Loading special characters from a flat file to target table
Scenario:
To load special characters such as non-English characters from a flat file(.txt) to target table whose code page is set to UTF-8 .
In order to load special characters from a flat file to target table we need to set appropriate code page or encoding in :
a) a) In the source file
We need to set the encoding of source file to utf-8. This differs based on the text editor we use. Below mentioned are the steps for changing the encoding in notepad.
File –> Save As . Change the encoding to UTF-8
b) b) Flat file properties.
In BODS, normally the code page is set to <default> in flat file properties as given below:
Change it to utf-8.
c) Datastore properties
Go to the target data store properties in BODS. Normally the code page is set to <default> as given below:
Change Code page and Server code page to utf-8.
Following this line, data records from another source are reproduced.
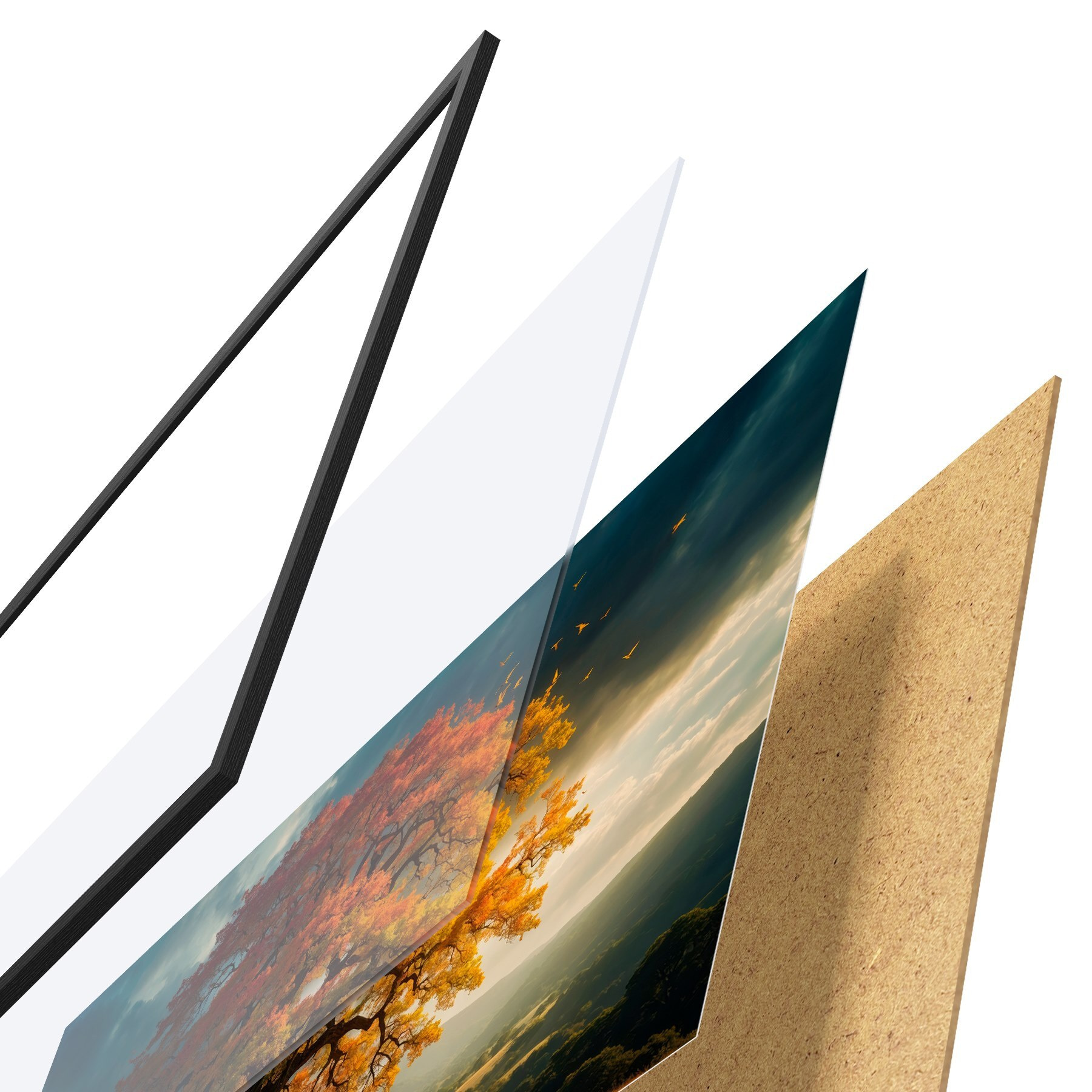 Plakatą sudaro rėmas, pleksiklas, atspausdintas vaizdas ir medžio drožlių plokštės pagrindas. Plakatą galima iš karto pakabinti ant sienos dėl kitoje pusėje esančių laikiklių.
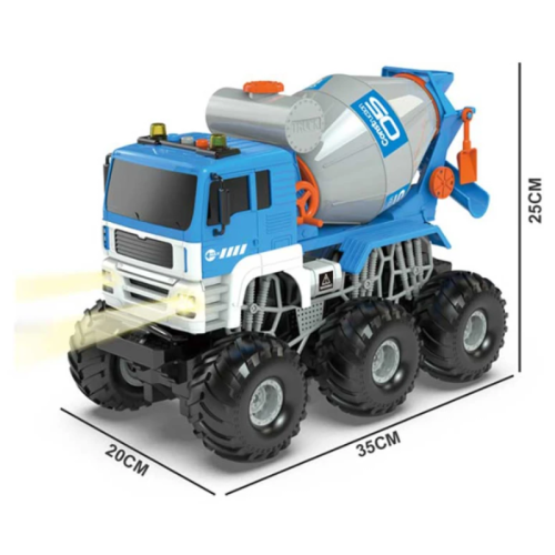 Звуковите ефекти, вдъхновени от истински строителни машини, правят играта по-ангажираща и помагат на децата да се потопят в реалистична атмосфера. LED светлините в предната част добавят ефектност и подобряват визуалното възприятие, особено по време на движение. Дистанционното управление с 2.4G технология осигурява стабилна връзка и позволява на детето да маневрира бетоновоза уверено и без прекъсване.
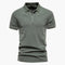 This men’s polo shirt features a polo collar with a three-button front placket. The sleeves are short with stitched hems. Side slits are visible at the lower hem. Visible stitching lines run along the placket, sleeve edges, and hem. Side slits are present at the lower hem. This polo shirt has a straight cut with seam lines.
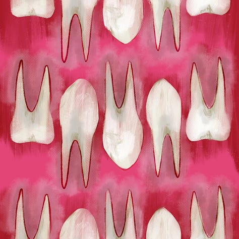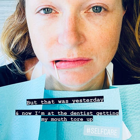 I feel like things are coming together, though my tooth might disagree. A short story: when I was about 7 or maybe as old as 9 I threw the tantrum of a lifetime in the dentist’s chair because I absolutely refused to do the fluoride swish and my refusal meant absolutely nothing to anyone there. In looking back I have an urge to spin it as a righteous riot for body autonomy — and it surely was — but mostly that stuff tasted GROSS and I wanted nothing to do with it. I continued going to the same dentist for the next 15+ years and every time the same nurse and the same receptionist would greet me with a chuckled reminder of my fit (further evidence of unchecked anger’s futility? maybe!). Surely thanks to the fluoride I had great teeth and nary a cavity until age 23 when, while under local anesthesia and with a mouth wide open for all manner of metal implements to enter it I was asked out by the (same) dentist’s son, now assisting. He called me several days later, having taken my number from my dental records (right ahead of a note indicating fluoride sensitivity?). Though we did drink beers on East Cliff and talk surfing I never did go back to that dentist… and my teeth have suffered since, collateral damage of a latent dentophobia.
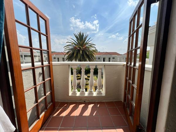 - The bedroom leads onto an uncovered patio overlooking the complex.
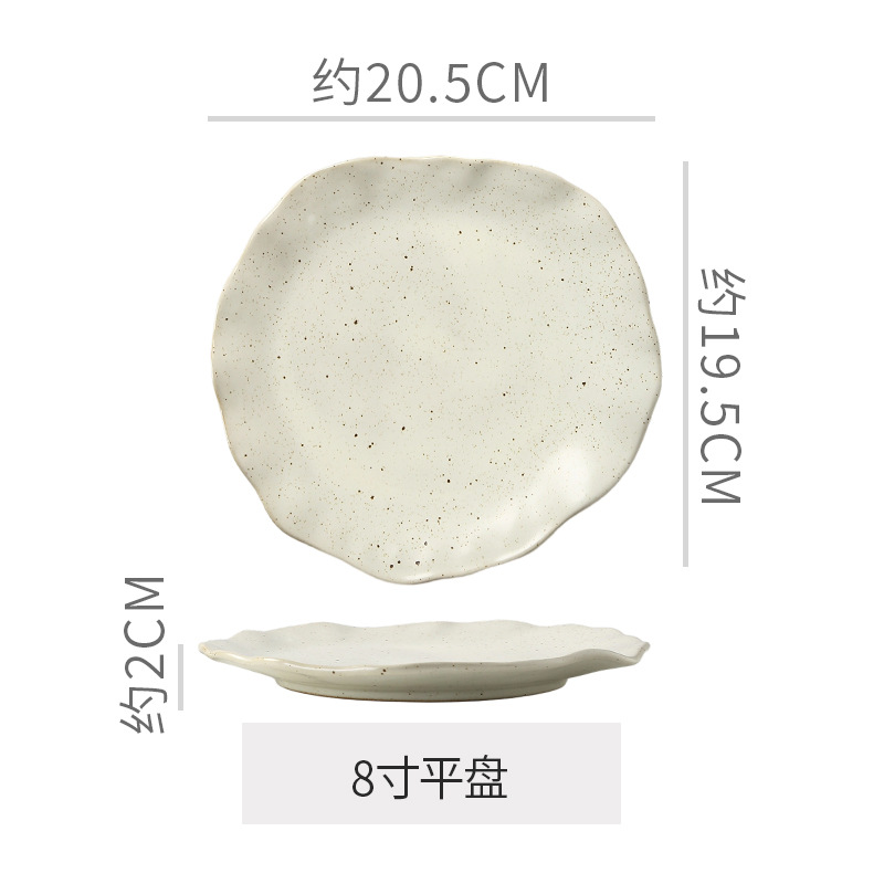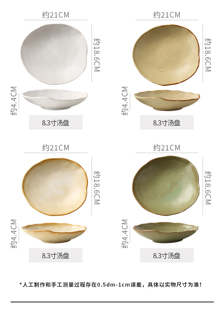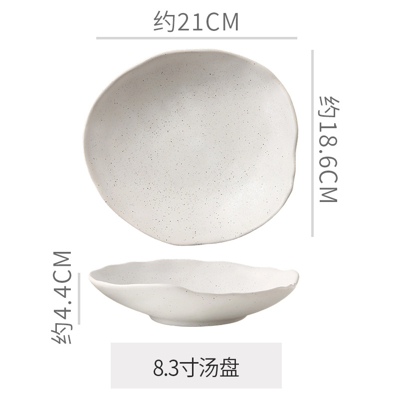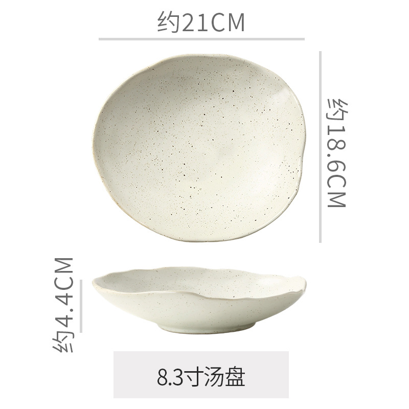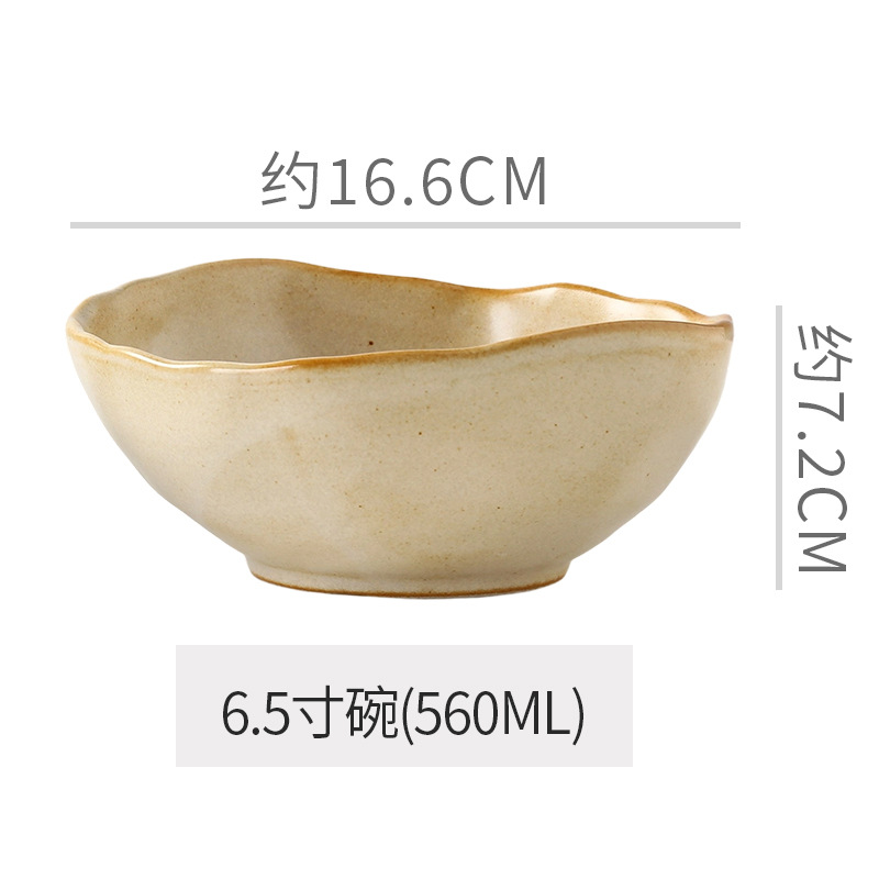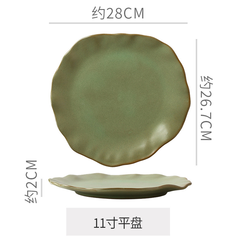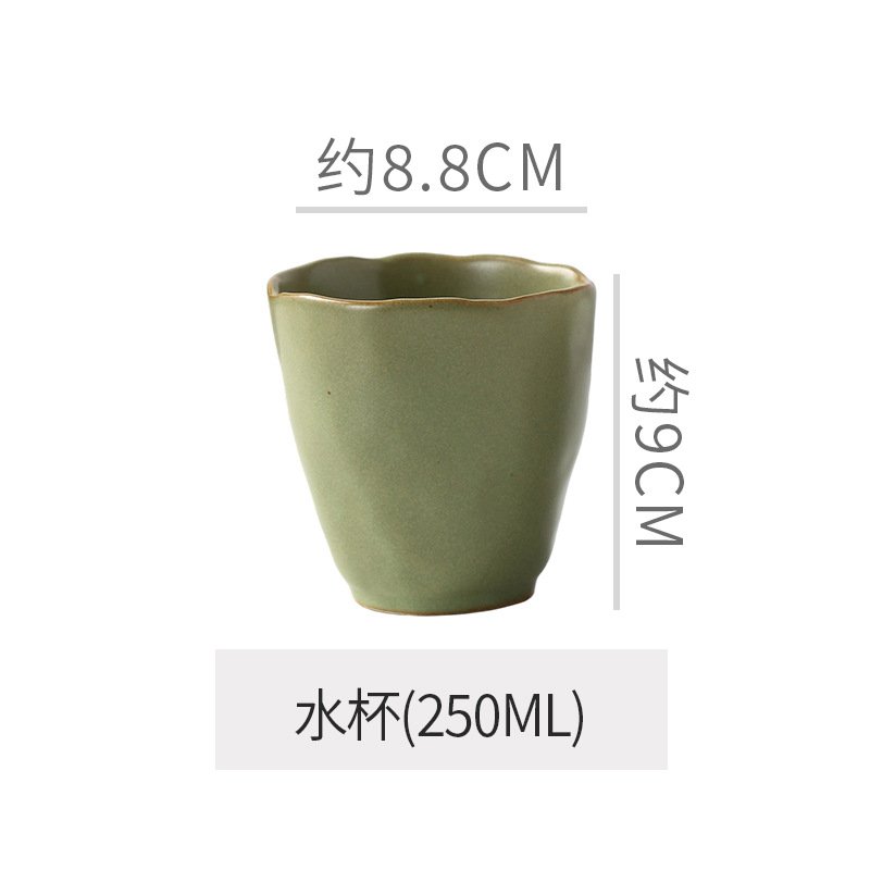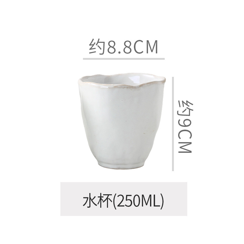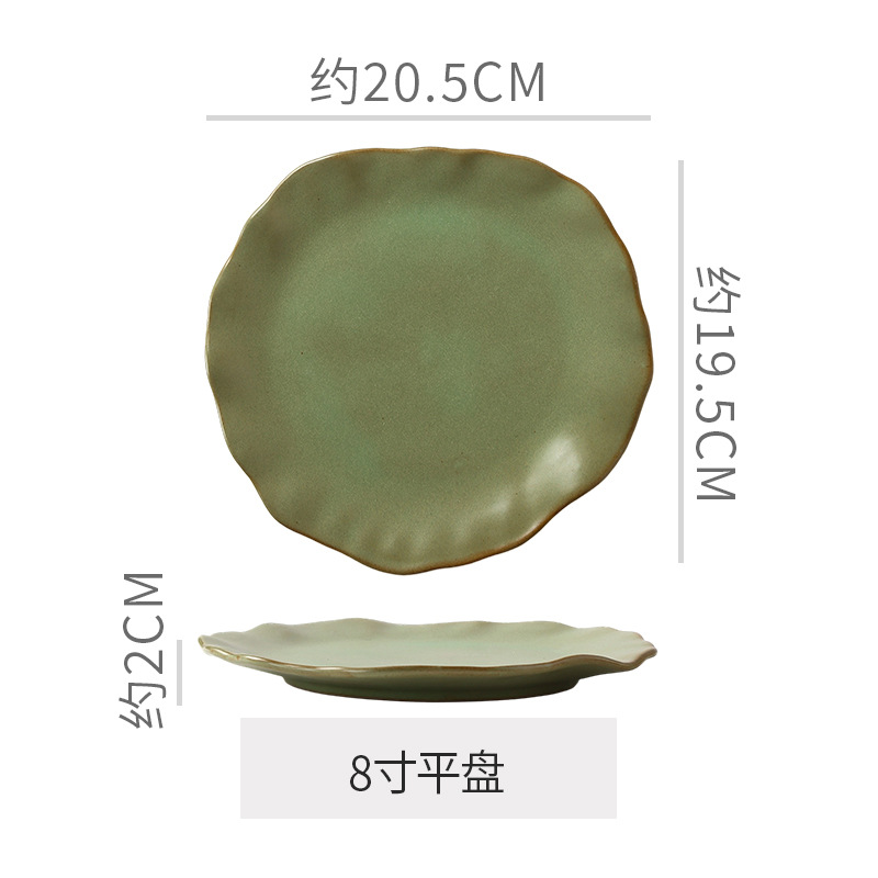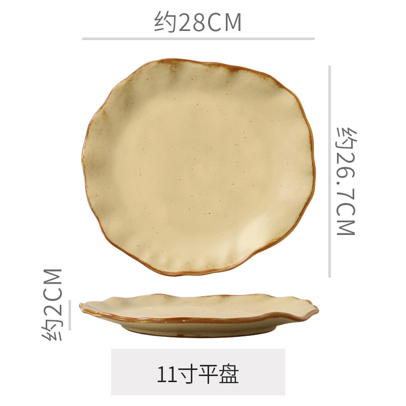 Retro style coarse pottery heat-resistant tableware for household use, including vegetable dishes, rice bowls, soup bowls, water cups, and shaped kiln style dining plates. Creative arrangement of plates
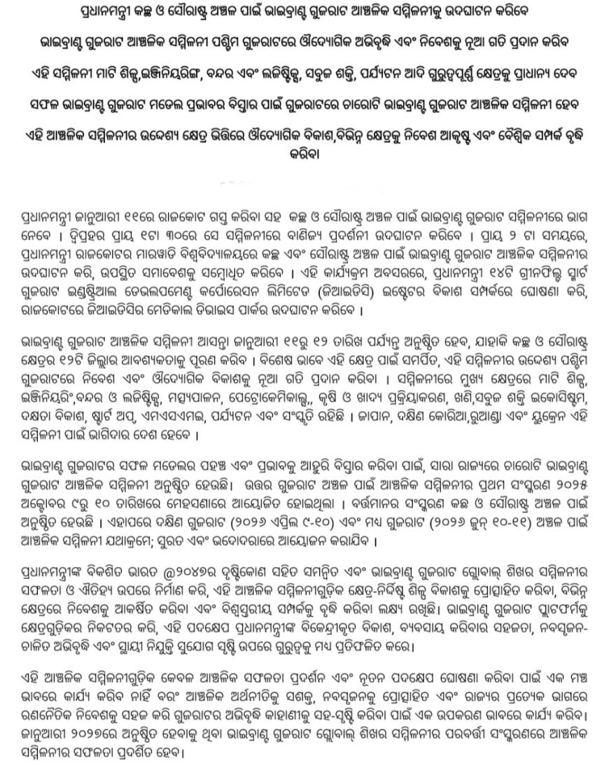 ପ୍ରଧାନମନ୍ତ୍ରୀ କଳ୍ପ ଓ ସୌରାଷ୍ଟ୍ର ଅଂଚଳ ପାଇଁ ଭାଇବ୍ରାଣ୍ଡ ଗୁଜୁରାଟ ଆଞ୍ଚଳିକ ସମ୍ମିଳନୀକୁ ଉଦଘାଟନ କରିବେ...
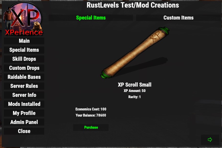 - Show Special Items Button: This will show the Special Items button on the welcome menu where all special items, default and custom, will show. If economics or server rewards are used for special item purchases then players can buy these items directly from the special items page on the welcome menu. See Special Items page for more details about special items.
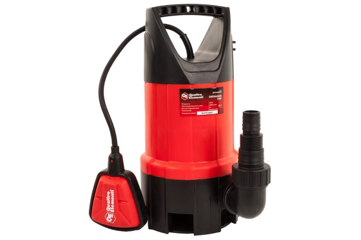 Дренажный насос QUATTRO ELEMENTI Drenaggio 750 F 771-558 предназначен для откачивания жидкости. Оснащен электродвигателем мощностью 750 Вт, который обеспечивает производительность до 12000 л/ч. Насос данной модели способен работать в среде с твердыми частицами размером до 35 мм. Например, выкачивать жидкость из затопленных помещений. Поплавковый механизм обеспечивает автоматическую работу насоса.
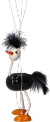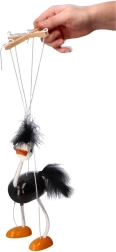 Kreatives und interaktives Spielen mit dieser Holzmarionette Strauß, ideal für Kinder ab 3 Jahren.

Thank you so much for posting this ! you saved my day... !! 🙂
What if the underlying target (and / or source) code page for the DataStore is not utf-8 ?
It could be set to, for instance, iso-8859-1. The Data Services documentation specifies that the DataStore Codepage should be set to match the underlying Database / Adapter / Web Service code page. If they're different there is the potential to lose characters that are used in the superset (utf-8) but, not coded in the subset (iso-8859-1) - even with transcoding - not good!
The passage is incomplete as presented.